Don Pedro makes his appearance on this cue.
They wouldn’t let me carry my luggage. Instead, they wore my heavy suitcases up around their necks and shoulders. I arrived as an old-fashioned British explorer led by native porters. It wasn’t long before I realized their intention to treat me like a savior prince.
This was fun for the first ten minutes. Then it was time to evaluate how much impact I could have compared to their implied expectations. And how many times do I need to hear, “Don Pedro cuidado. Don Pedro, cuidado su cabeza.”
They called a meeting of the directivas. After a brief introduction, everyone in turn made a welcome speech. Next, they invited me to speak. Knowing no one in the assembly and having nothing prepared, I looked around quickly for an out. Seeing none, I launched into a speech about the two years ahead of us and thanked everyone, emphasizing how impresionante the town was. They clapped when I finished. But in my head, the applause was because I made words come out.

Next, they took me to the school. They interrupted lessons and gathered all the students in the yard. Again, I was asked to speak, and again I said (something). For some reason, they thought it was an opportunity to read my resumé. A member of the directiva read my resumé from blue iguanas to this boy’s trouble to the crowd of schoolchildren. As soon as he finished, the whole school clapped and cheered.
I don’t know if you’ve ever had a crowd go wild at a recitation of your resumé. But you should try it. It’s great.
Afterwards, I started to hear “Pedro!” wherever I went.
Whenever the kids see me, they are compelled to call me. Sometimes they yell across a valley at me and I have to wave blindly at the bank of trees where I assume they must be. This is unconditional popularity. But it’s clear that I’m a strange fish and they can’t resist tapping the glass to see what I do.

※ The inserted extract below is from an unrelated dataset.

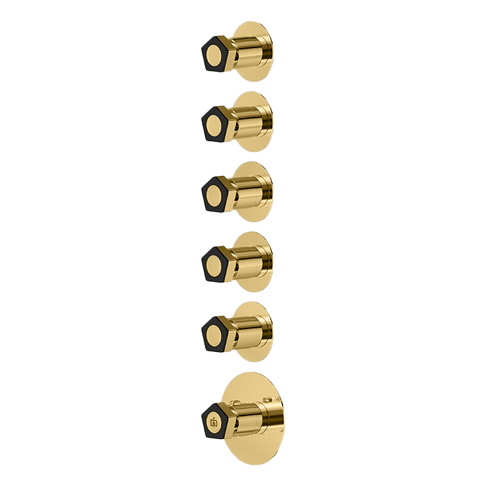 Смеситель для душа термостат Newform ParkLE 69802E.62.093 Золото Newform ParkLE Внешняя часть термостатического смесителя на 5 потоков с отдельными ручками запорного вентиля, цвет: PVD glossy gold + черный матовый

Don Giraldo hosted dinner. We had chicken stew (with zamat) in his dining hall. Almost every family has a long dining building made of wood with a dirt floor. A Catholic shrine occupies one end of the room in every case. Because of this, the room is considered sacred, and beds are not usually found in these dining rooms.
After dinner, it started to cool down. I asked Don Francisco if it got any colder. The answer was no, but the truth, as I would discover hours later, was different.
I suspect that cold air drifts down from higher elevations during the night. The change is dramatic. It drops into the sixties. This doesn’t sound very cold until you consider that the distinction between indoors and out is purely symbolic.
At one AM, I realized I wasn’t going to sleep very well.
The next night I went to my little cot dressed for winter.
Still insufficient.
So on day three I took a bus to Cobán, spent a thousand quetzales on a new bed plus sheets and a comforter, and took it all home on the top of a bus (exactly as relaxing as it sounds). And I finally slept through the night.
My second-smartest purchase was a soccer ball from the supermarket. Pretty soon I had the kids knocking down the door to play.
“Lu’! Prestame su pelota.” (Loan me your ball (rude!)).
So I include myself in all the best soccer games. We play on a small concrete court in the center of town, a playing surface that makes me peculiarly aware of my teeth. The ball goes everywhere. By the time it’s dark, we have sloppy brown circles on our knees and chests and sheep feces in our hair.

Samac and I haven’t reached an understanding quite yet. If I open my window to let in some light, people poke their heads into my room. This is unwelcome.
If I’m caught reading a book or looking out the bus window, I have to hear questions about my sadness.
How do I explain the value of occasional solitude?
Don Francisco told me to get a radio for company.
“You can listen to music as long as you don’t cry.” Then he laughed so hard that I wondered if he was funny.